Friday, August 8, 2014
Friday Potpourri
Another week's-worth of schtuff:
1) Sue VanHattum has started a new "Math Mama's Gazette" for students and teachers. First issue here:
http://mathmamawrites.blogspot.com/2014/08/math-mamas-gazette-issue-number-one.html
2) Stephen Stigler's 7 pillars of statistics:
http://blogs.sas.com/content/iml/2014/08/05/stiglers-seven-pillars-of-statistical-wisdom/
3) The fifth run of Keith Devlin's "Introduction to Mathematical Thinking" (10-week) MOOC course begins around end of September:
https://www.coursera.org/course/maththink
4) A follow-up to last year's claimed proof for the Millennium Prize Navier-Stokes equations (now being re-worked):
http://tinyurl.com/ohm44q9
5) No doubt, inevitable, a "Common Core Math For Parents For Dummies" is now on the way:
http://christopherdanielson.wordpress.com/2014/08/05/news-a-new-project/
6) Frequentist and Bayesian interpretations of statistics (side-by-side):
http://www.workinginuncertainty.co.uk/probtheory_axioms.shtml
7) Mike Lawler offers this follow-up take to a Keith Devlin blog piece:
http://tinyurl.com/leffaq5
8) Popular science writer Carl Zimmer ventures into the land of statistics with a piece for Nautilus on the 'null hypothesis' (interestingly placed under the heading of, "Epistemology," and using Bigfoot as a working example):
http://nautil.us/issue/16/nothingness/why-we-cant-rule-out-bigfoot
9) And for those who just like to play with crunched numbers, here's an oddball look at taxi-driver tipping in NY City:
http://www.businessweek.com/articles/2014-08-07/tipping-taxi-drivers-data-analysis-cant-explain-these-puzzles
10) Lastly, not math, but I'll plug a small volume I just finished and enjoyed: "The Universe" edited by John Brockman.
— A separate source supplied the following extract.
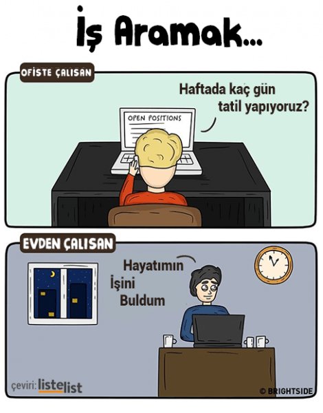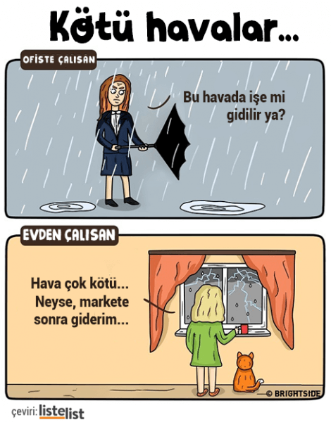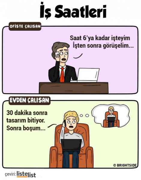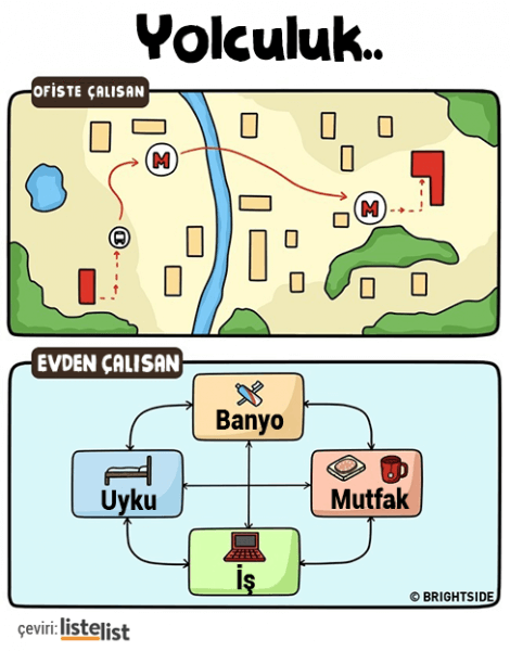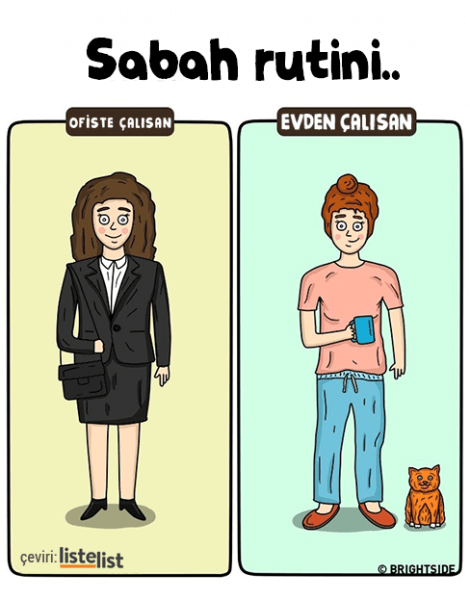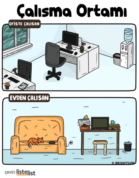 Evden çalışmanın da, ofiste çalışmanın da kendine göre zorlukları ve avantajları var elbette. Bu harika çizimler de ikisinin arasındaki farkları çok güzel bir şekilde özetlemiş.

I assume a number of readers here, fancy, as I do, reading popular cosmology/physics books, though I find few I can wholeheartedly endorse for lay readers. This volume though is a wonderful compendium of many different thinkers ranging over a variety of topics/debates within cosmology, and very readable -- if you're familiar with the sorts of compendiums Brockman puts out, then you already know that you do or don't enjoy this sort of thing. Some of the essays are already dated a bit, but still a splendid collection, if this is an area you have some familiarity with.